> WORK TO COMPLETE
Only an exact copy is wanted: the lines from the one holding "乡村振兴是现阶段国家强调的战" through the last line below, minus the pictures.

[DATA SECTION — start]

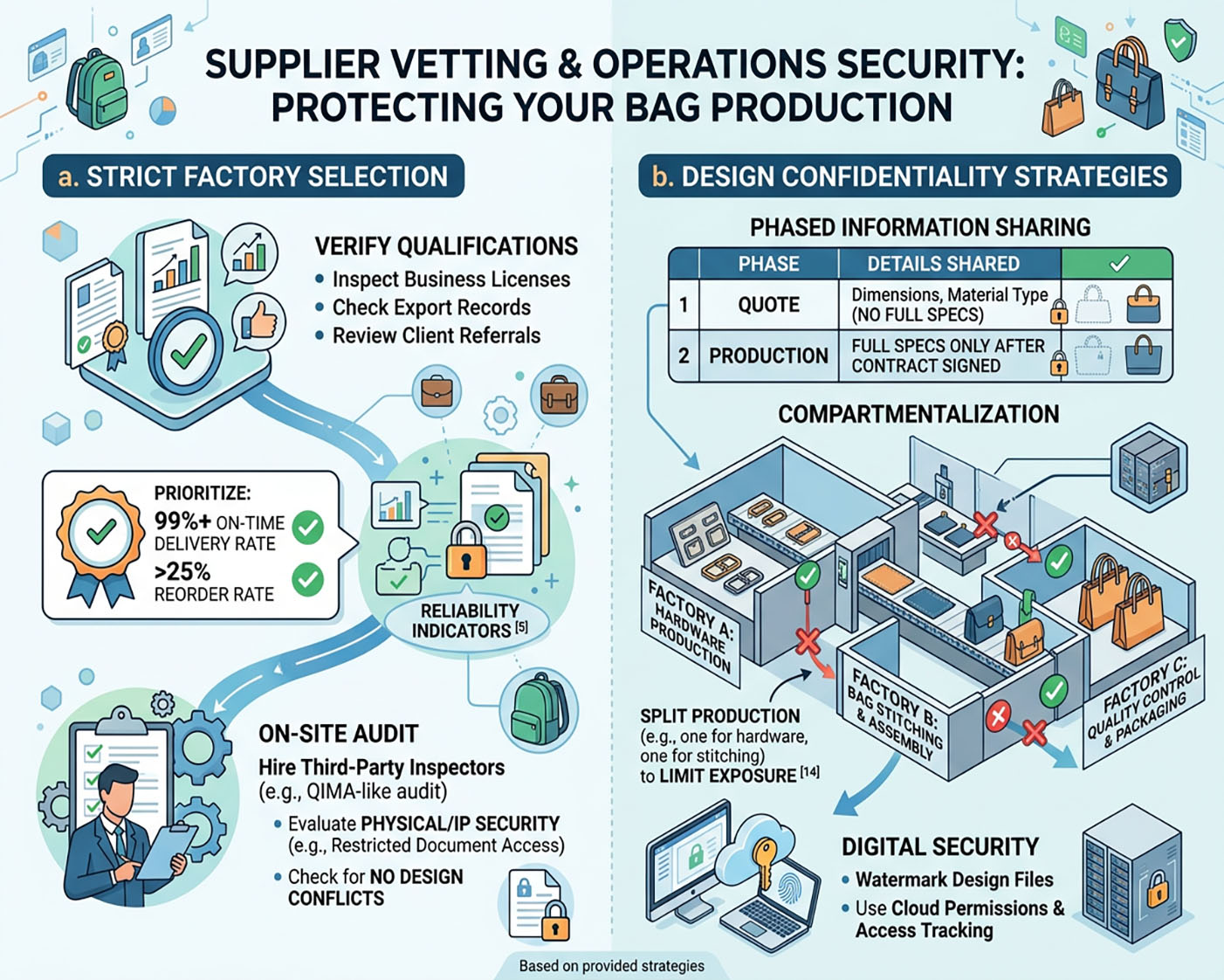 Compartmentalization: Split production across multiple factories (e.g., one for hardware, another for stitching) to limit exposure.
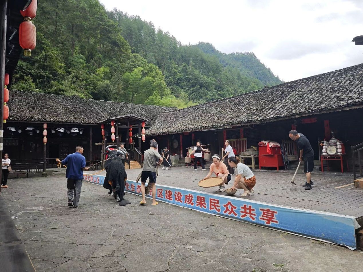 乡村振兴是现阶段国家强调的战略,也是整个社会热议的话题。乡村的振兴不仅强调经济振兴,也需要文化振兴,实现以文化建设赋能乡村振兴。为了领略小南海村的文化风采,体验地方风土人情,7月18日上午,重庆工商大学122cc太阳集成游戏“机韵振兴,灵秀乡音“社会实践团抵达小南海村土家十三寨的土家民俗歌剧院,观看小南海村民俗表演《幺妹儿住在十三寨》彩排。
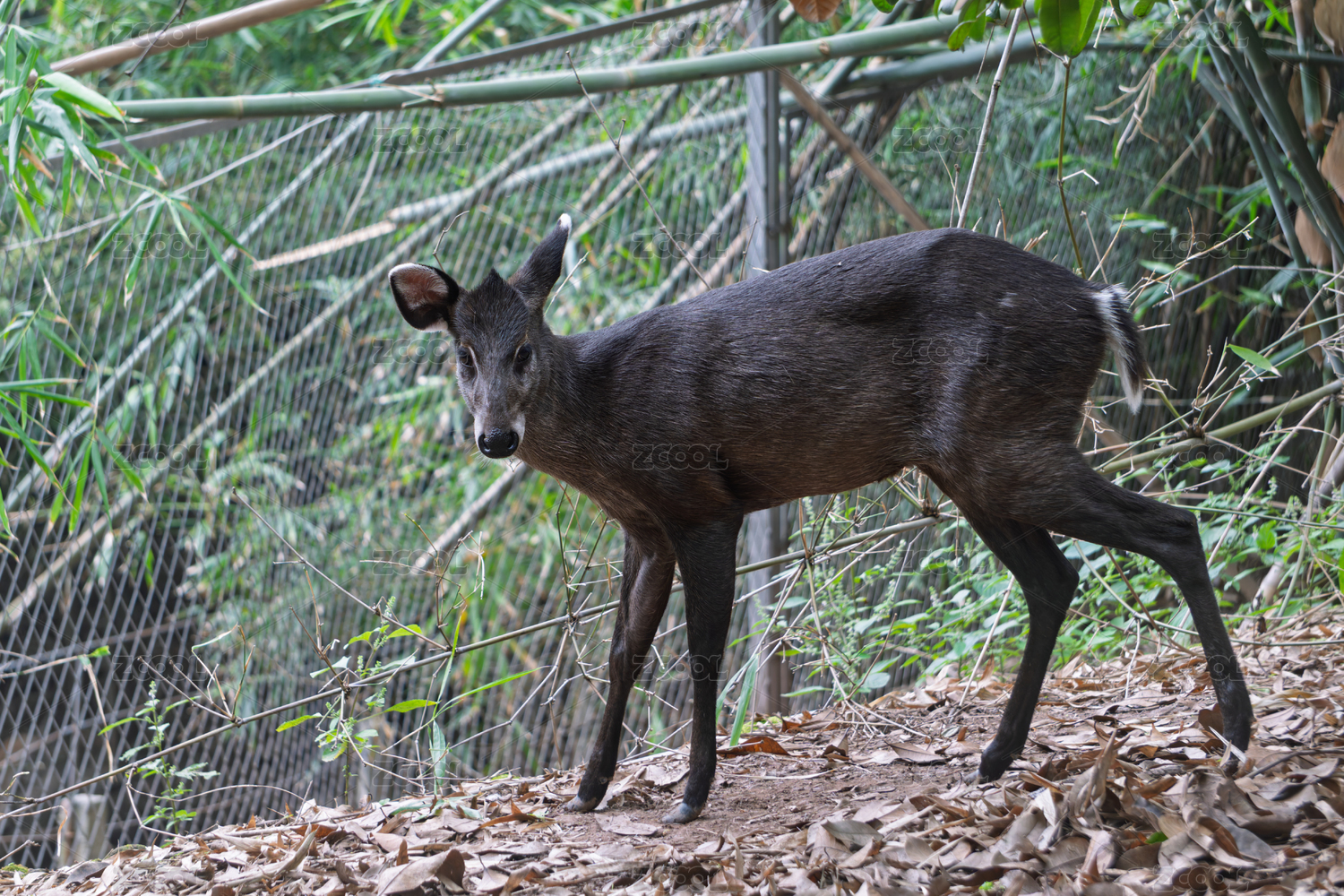 毛冠鹿在冬季張開嘴巴露出紅色的舌頭

[DATA SECTION — finish]

> ANSWER FOR THE TASK
 乡村振兴是现阶段国家强调的战略,也是整个社会热议的话题。乡村的振兴不仅强调经济振兴,也需要文化振兴,实现以文化建设赋能乡村振兴。为了领略小南海村的文化风采,体验地方风土人情,7月18日上午,重庆工商大学122cc太阳集成游戏“机韵振兴,灵秀乡音“社会实践团抵达小南海村土家十三寨的土家民俗歌剧院,观看小南海村民俗表演《幺妹儿住在十三寨》彩排。
 毛冠鹿在冬季張開嘴巴露出紅色的舌頭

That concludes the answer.